[Saved entries]
>>>

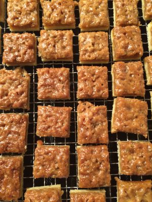 Solange alles noch lauwarm ist könnt ihr mit einem scharfen Messer die Plätzchen in Form schneiden. Wie es euch gefällt.
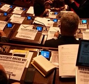 A ridosso dell’inizio della conferenza, vengono fatte entrare una trentina di persone. Il sospetto che ci fossero dei contestatori ha creato scompiglio. La sala non si riempie del tutto, ma fuori viene dato l’ordine di non fare entrare più nessuno.
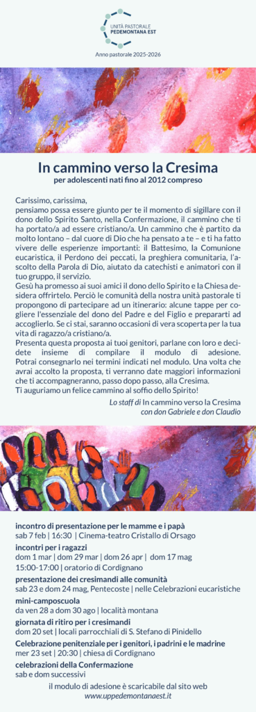 Nella locandina che segue, il messaggio indirizzato ai ragazzi e alle ragazze dell’unità pastorale nati fino al 2012 compreso e il calendario del percorso.
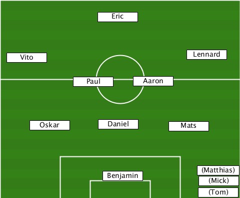 --------------Eric--------------- --Vito---------------------Lennard -----------Paul-----Aaron--------- -----Oskar------Daniel----Mats----- ---------------Benjamin------(Matthias)-(Mick) ----------------------------(Tom)
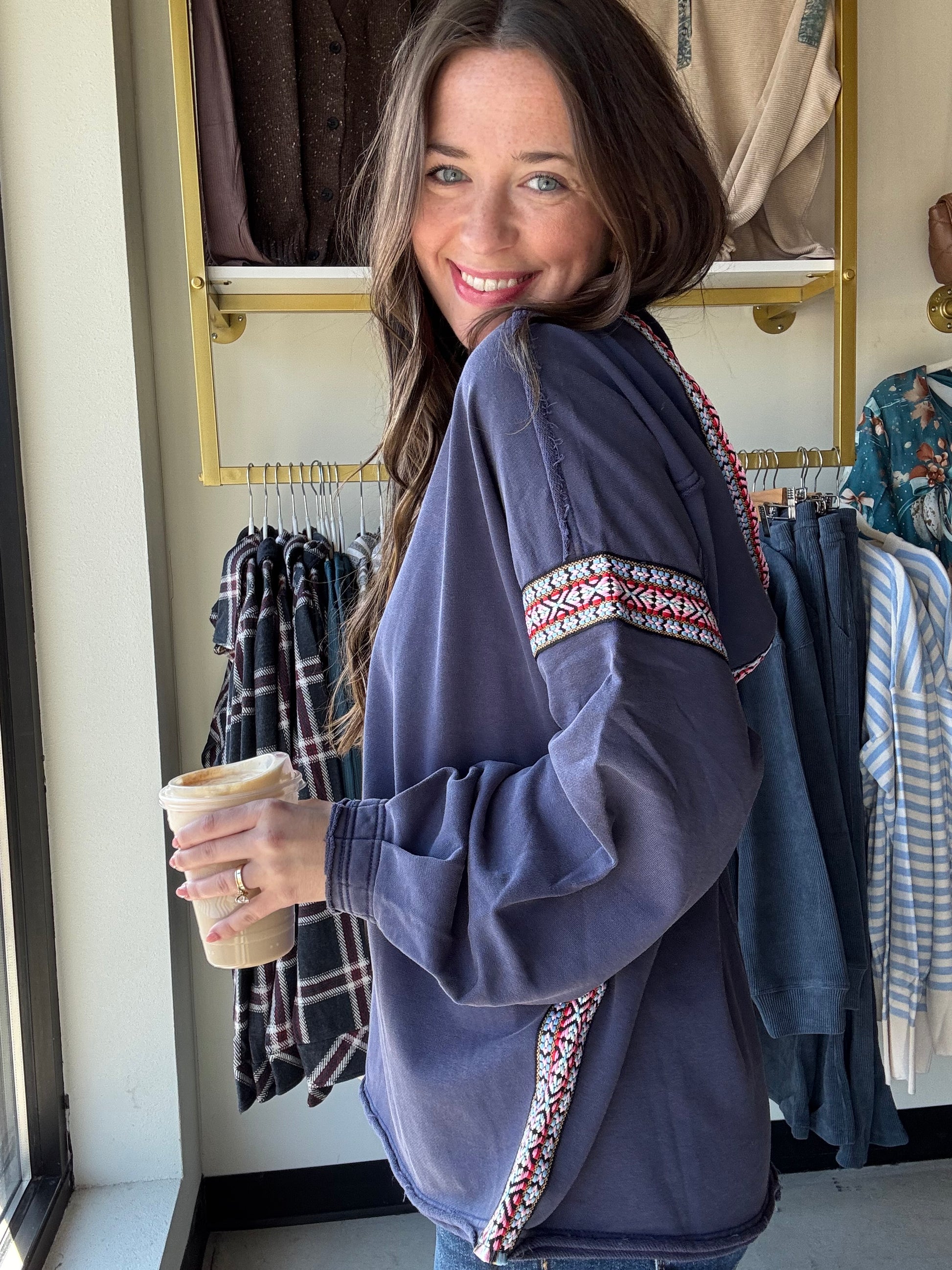 Embrace cozy vibes with this Navy Embroidered Trim Hoodie. Its relaxed, oversized fit and dropped shoulders ensure endless comfort, while the multicolor ethnic trim adds a fun pop of color. The attached hood tops off this laid-back look, perfect for playful days and chilly nights.

<<<

## What is needed
The entries are to be transcribed word for word, without their images.

## Written answer
 Solange alles noch lauwarm ist könnt ihr mit einem scharfen Messer die Plätzchen in Form schneiden. Wie es euch gefällt.
 A ridosso dell’inizio della conferenza, vengono fatte entrare una trentina di persone. Il sospetto che ci fossero dei contestatori ha creato scompiglio. La sala non si riempie del tutto, ma fuori viene dato l’ordine di non fare entrare più nessuno.
 Nella locandina che segue, il messaggio indirizzato ai ragazzi e alle ragazze dell’unità pastorale nati fino al 2012 compreso e il calendario del percorso.
 --------------Eric--------------- --Vito---------------------Lennard -----------Paul-----Aaron--------- -----Oskar------Daniel----Mats----- ---------------Benjamin------(Matthias)-(Mick) ----------------------------(Tom)
 Embrace cozy vibes with this Navy Embroidered Trim Hoodie. Its relaxed, oversized fit and dropped shoulders ensure endless comfort, while the multicolor ethnic trim adds a fun pop of color. The attached hood tops off this laid-back look, perfect for playful days and chilly nights.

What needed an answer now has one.